## Activity
Exactly as written, output each of the lines below, with no images.

## Supplied data

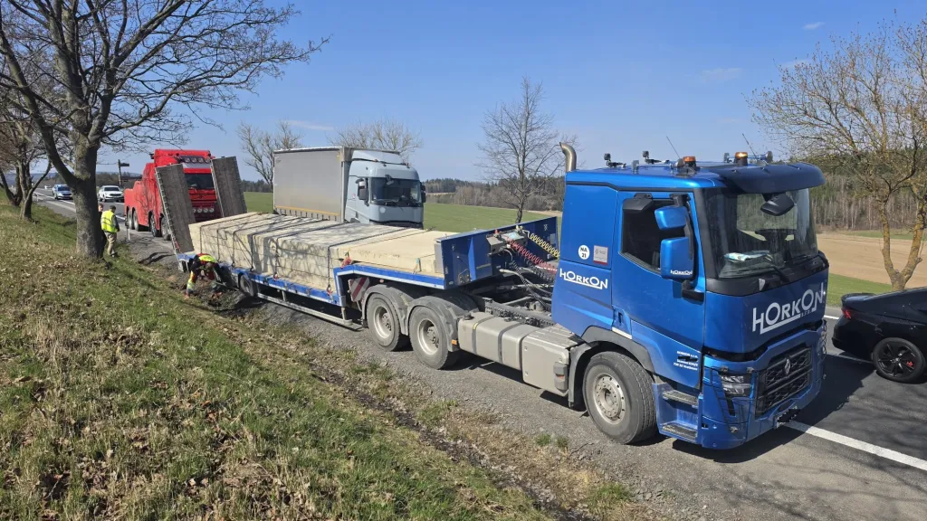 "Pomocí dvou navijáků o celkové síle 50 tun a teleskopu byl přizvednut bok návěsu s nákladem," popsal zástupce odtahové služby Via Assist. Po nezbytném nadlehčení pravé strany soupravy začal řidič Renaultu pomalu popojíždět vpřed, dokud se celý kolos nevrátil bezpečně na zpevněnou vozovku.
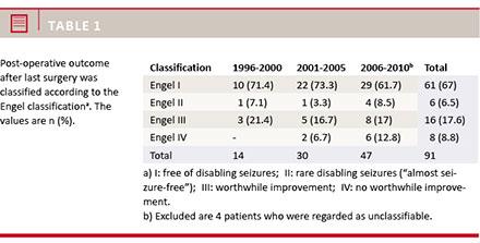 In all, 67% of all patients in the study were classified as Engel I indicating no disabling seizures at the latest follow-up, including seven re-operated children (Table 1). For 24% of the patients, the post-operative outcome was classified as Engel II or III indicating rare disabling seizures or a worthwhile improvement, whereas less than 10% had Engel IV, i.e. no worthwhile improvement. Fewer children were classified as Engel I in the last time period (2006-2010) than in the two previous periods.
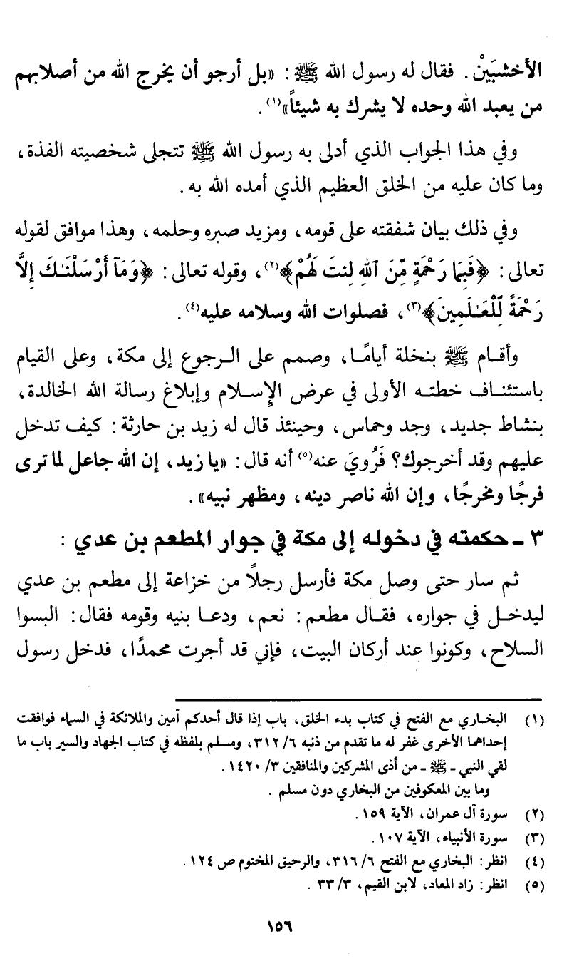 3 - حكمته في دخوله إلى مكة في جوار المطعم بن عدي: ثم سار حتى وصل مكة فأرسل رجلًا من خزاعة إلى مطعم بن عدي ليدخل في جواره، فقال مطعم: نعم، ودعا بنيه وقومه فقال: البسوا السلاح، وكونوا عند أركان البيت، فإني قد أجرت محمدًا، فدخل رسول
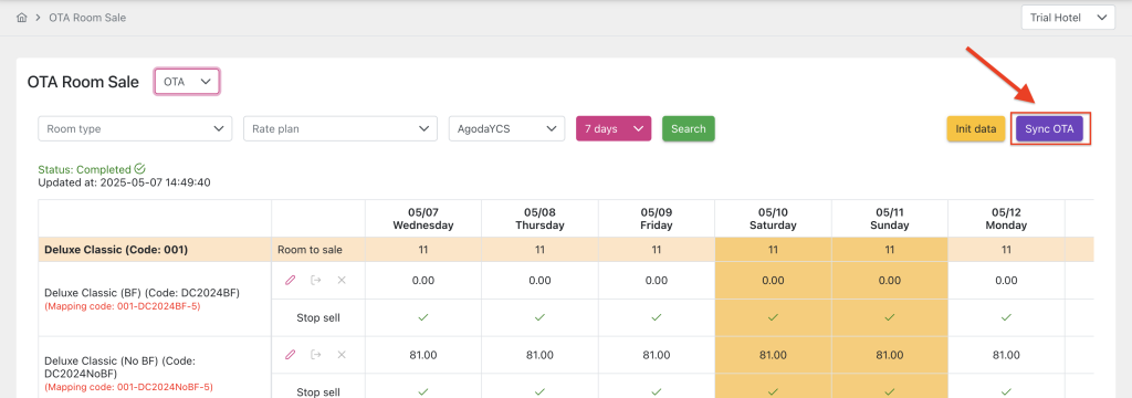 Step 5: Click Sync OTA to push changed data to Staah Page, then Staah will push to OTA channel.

## Task result
 "Pomocí dvou navijáků o celkové síle 50 tun a teleskopu byl přizvednut bok návěsu s nákladem," popsal zástupce odtahové služby Via Assist. Po nezbytném nadlehčení pravé strany soupravy začal řidič Renaultu pomalu popojíždět vpřed, dokud se celý kolos nevrátil bezpečně na zpevněnou vozovku.
 In all, 67% of all patients in the study were classified as Engel I indicating no disabling seizures at the latest follow-up, including seven re-operated children (Table 1). For 24% of the patients, the post-operative outcome was classified as Engel II or III indicating rare disabling seizures or a worthwhile improvement, whereas less than 10% had Engel IV, i.e. no worthwhile improvement. Fewer children were classified as Engel I in the last time period (2006-2010) than in the two previous periods.
 3 - حكمته في دخوله إلى مكة في جوار المطعم بن عدي: ثم سار حتى وصل مكة فأرسل رجلًا من خزاعة إلى مطعم بن عدي ليدخل في جواره، فقال مطعم: نعم، ودعا بنيه وقومه فقال: البسوا السلاح، وكونوا عند أركان البيت، فإني قد أجرت محمدًا، فدخل رسول
 Step 5: Click Sync OTA to push changed data to Staah Page, then Staah will push to OTA channel.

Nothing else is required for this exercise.